Question

What is the state of the art for GWAS in terms of statistical algorithm for either Case/control and Quantitative traits?

2

Entering edit mode

4.7 years ago

b.ambrozio ▴ 30

Hello! I'm trying to understand what is the best algorithm for GWAS nowadays. I know we have many tools available like Plink and Hail, but currently, what is the best algorithm if I won't use any them? Let's say, write down a script in R or Python from scratch. Which statistical algorithm should I use? Is it linear mixed models (LMMs)? I'm confused as we can have binary phenotypes (case/control) or quantitative phenotypes. LMM seems to address quantitative ones, but can it be used for case/control as well? Actually, what is the state of the art for both/each of them? Pair-reviewed papers as references will be appreciated. Thanks!

GWAS LMM • 2.3k views

ADD COMMENT • link updated 4.7 years ago by chrchang523 10k • written 4.7 years ago by b.ambrozio ▴ 30

0

Entering edit mode

Actually, what is the state of the art for both/each of them?

That would be Plink.

ADD REPLY • link 4.7 years ago by WouterDeCoster 47k

score 6 · Accepted Answer · 2019-12-02

The main regression executed by Plink was introduced by EIGENSTRAT in ~2006; see https://www.nature.com/articles/ng1847 . This is actually straightforward to write in R/Python from scratch; the harder part is optimizing the implementation for large datasets.

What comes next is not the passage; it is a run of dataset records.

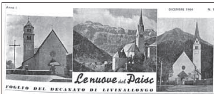
Il Frontespizio del Primo Numero del Bollettino Decanale: era il Dicembre del 1964.
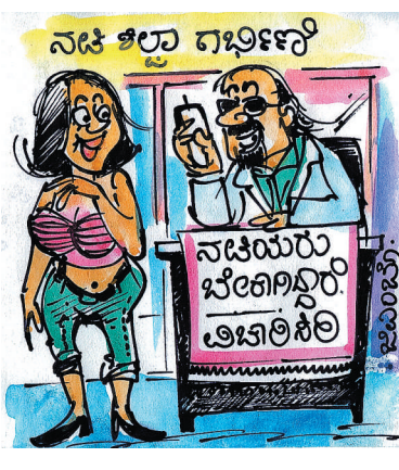
ಐಶ್ವರ್ಯಾ, ಶಿಲ್ಪಾ.. ಮೊದಲಾದ ನಟಿಯರಲ್ಲಿ ಸದ್ಯಕ್ಕೆ ವಿಶ್ರಾಂತಿಯಲ್ಲಿದ್ದಾರೆ, ಈಗೇನಾದ್ರೂ ಒಂದು ಚಾನ್ಸ್ ಸಿಗಬಹುದು.. ಮೇಡಂ!
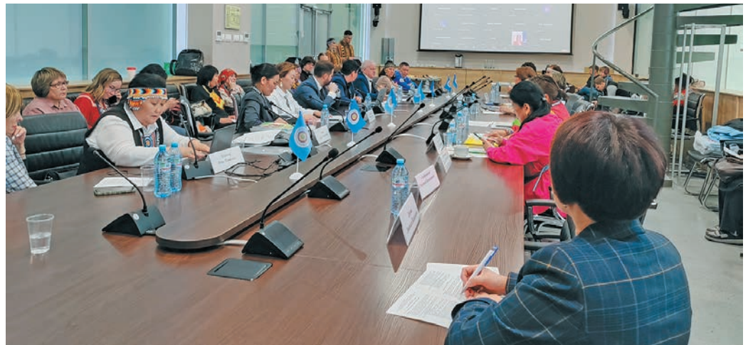
Мирхот пурайн. Н. Вах верум хур

Тәм товийн Москва хон вошн «Сокровища Севера. Мастера и художники России - 2023» вән ёмәңхәтл пурайн немасыя мирхот верәнтсы. Щәта шуши мир нявремәт әшколайн вәндтәты непека́т олған путәртсы. Тәм мирхот Увәс мўв, Сибирь па Дальний Восток Ассоциация хуятәт па Россия мўвн вәлты мирәт рәт ясәт әхтыйн кәпәртты федеральной институт ёх ләщәтыйлсәт.

The Firth regression added to Plink 2.0 to improve handling of rare variants and imbalanced binary phenotypes was motivated by https://www.ncbi.nlm.nih.gov/pmc/articles/PMC4049324/ .

Mixed linear models provide better statistical power when you have lots of close relatives in your dataset, but are much trickier to solve; actually, this is still a significant research area. Two tools covering parts of the current state-of-the-art are SAIGE (https://www.ncbi.nlm.nih.gov/pmc/articles/PMC6119127/ ; handles imbalanced binary phenotypes, but relatively slow) and fastGWA (https://www.nature.com/articles/s41588-019-0530-8 ; great speed, but doesn't support dosage data yet and uses a misspecified model for binary phenotypes).